Well, join me on this last evening at Khiding Pan, on my Wild Side of Mabua trip. I'm making some beef stew. Going to put some curry in there, and I'm going to put some veggies in there. I've already browned the onions. The meat is in, and I'm busy browning that. And then I'm going to add some red muscadel from Darling Cellars, also from my trip in Yzerfontein. And I'll bring you guys back when I'm putting in the veggies. That's my meal for the evening, and my lunch for tomorrow. Padkos. They call it padkos.

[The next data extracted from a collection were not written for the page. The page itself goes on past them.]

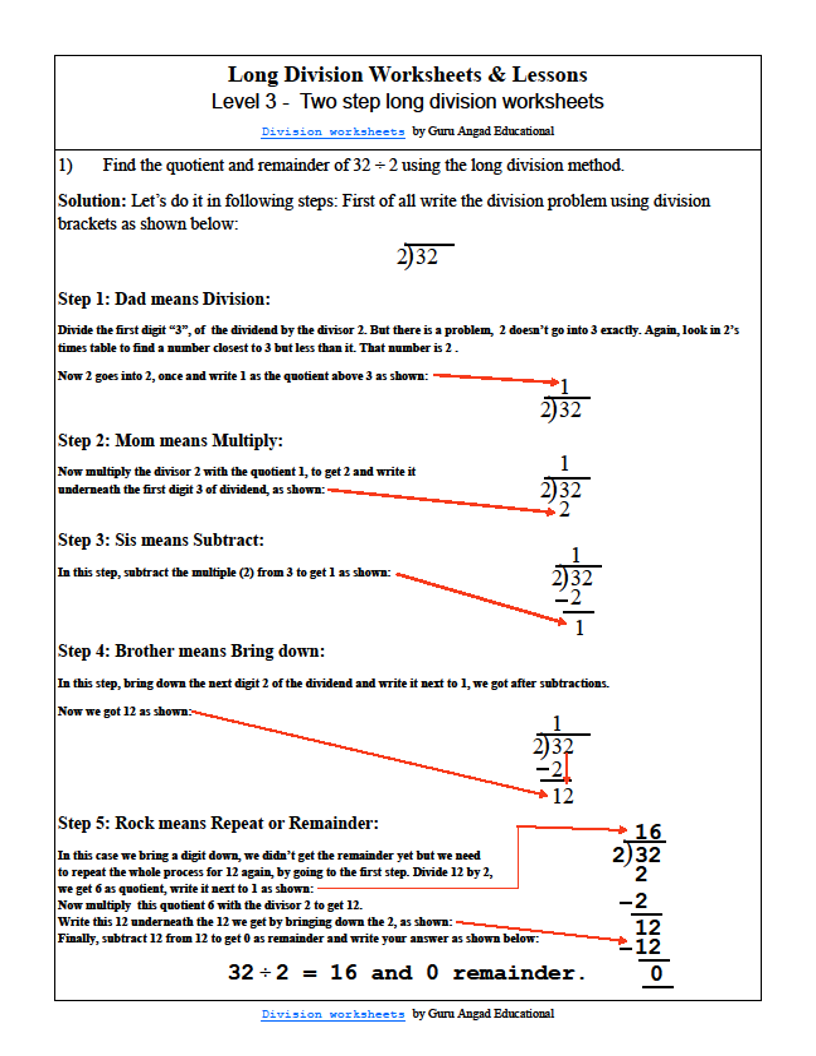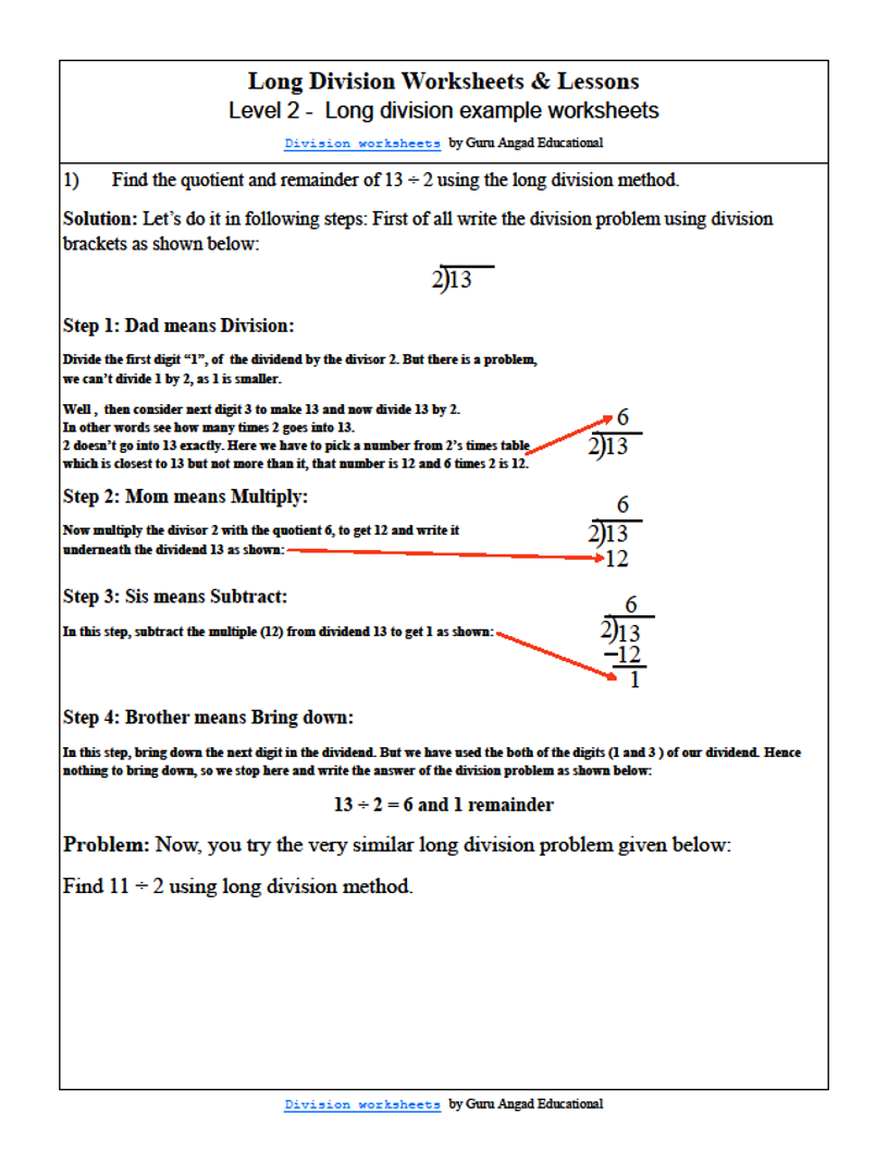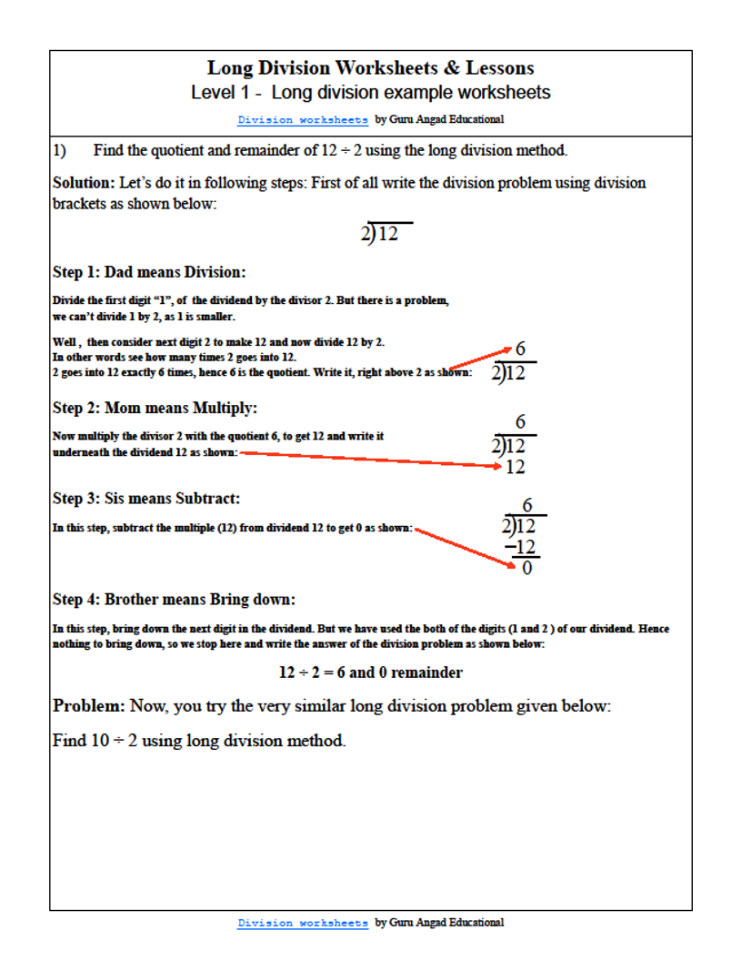 Below are the solutions to some very very basic long division problems using the above words to learn the basic long division algorithm.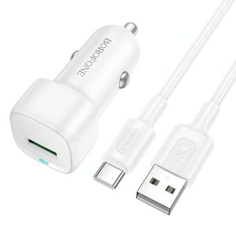 BOROFONE BZ34 Cloud QC3.0 USB Car Charger Set, with 1m USB to Type-C Cable(White) (Borofone)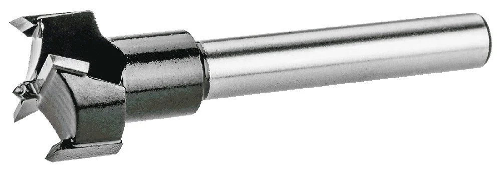 Blad med slipkorn av sintrad hårdmetall ger perfekt ytfinish och förbättrar borrens livstid. Verktyget används främst för borrning av hål för gångjärn i frontpaneler.

Guys, thanks for joining me on this awesome, awesome trip. I hope you enjoyed it. This is the last night that I'm cooking food. Let me put this lid on before I get too excited. Can't wait to go back, do the editing, and bring this all to you guys. Have an awesome, awesome time. Never give up. If you never give up, you never fail. Start overlanding, if you're not overlanding at the moment. If you're overlanding, please share your journeys, we like to watch. Time out.

The road home

The road home. After a trip like this, it's different. There's something about watching the landscape pass by through the windscreen, the long stretches of the tar, the gravel shaking underneath the tyres. That gives you time to think, time to feel, time to be honest with yourself. You know, didn't see lions this time. No cheetahs running across the pan. No big moment that makes the thumbnail. And yet, this was one of the most meaningful trips I've had in a long time. Because somewhere in the silence of those pans, in the long dusty tracks with no one around, I remembered why I do this. Why I come back to these wild places over and over again. It's not for the sightings. It's not for the drama. It's for the way the Kalahari slows you down, strips everything back, and gives you room to breathe again. This trip reminded me how small I am under an African sky, and how lucky I am to be able to load up my vehicle and disappear into the wild whenever my soul needs it. It reminded me that peace doesn't always come from what you see. Sometimes it comes from what you feel, where nothing is happening at all. So as I drive back home, watching the dunes fade behind me and the world slowly return to its normal speed, I realize something important. Adventure isn't always loud. Sometimes it's just quiet roads, long thoughts, and a heart that is a little fuller than before. To the Kalahari, thank you. And to everyone who rides along on these journeys, thank you too. This trip didn't give me lions, but it gave me something far more powerful. It gave me myself again. Until the next road: stay wild, stay kind, and never stop searching for the places that make you feel alive.